How Axolotls Use Their “Fight or Flight” System to Regrow Body Parts

Charming axolotl smiling underwater, showcasing its unique features in a natural setting.

The axolotl, a remarkable Mexican salamander, has long been known for its jaw-dropping ability to regrow entire limbs, spinal cords, hearts, and even parts of its brain. Scientists have studied these amphibians for centuries, hoping to unlock the secrets of regeneration that could one day help humans repair or replace damaged tissues. Now, a new study from Harvard University, published in Cell (October 2025), adds a major piece to this puzzle: the discovery that axolotls rely on their sympathetic nervous system—the same network responsible for the “fight or flight” response—to coordinate regeneration across their entire body.


A Whole-Body Response to Injury

Researchers led by Duygu Payzin-Dogru and Jessica Whited from Harvard’s Department of Stem Cell and Regenerative Biology found that limb regeneration in axolotls is not just a local process at the wound site.
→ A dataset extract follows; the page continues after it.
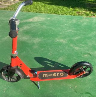 Patinete Micro Cruiser en color rojo. Funciona perfectamente. Desliza muy bien. Es cómodo y de gran calidad. - Manillar altura ajustable. - Freno en rueda trasera - Hasta 90 kg de peso. - Diseño plegable para facilitar su transporte. - Ruedas de goma para un deslizamiento suave. - Plataforma antideslizante para mayor seguridad.
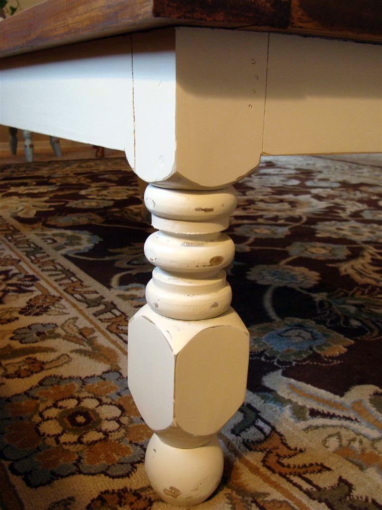 Exactly what I want to do to my coffee table, however mine doesn't have a nice walnut color to show through the distressed legs. Should I stain everything first then distress the legs or should I paint the legs and then use walnut stain as a glaze? I just worry about yellowing the white.

Instead, when an axolotl loses a limb, stem cells throughout the entire body spring into action.

This body-wide activation prepares other tissues and limbs for potential injuries. It’s as if the animal’s entire system goes into a “standby mode” for repair. The effect is short-lived but powerful: it primes distant tissues so that, if they are later injured, they regenerate faster than they normally would.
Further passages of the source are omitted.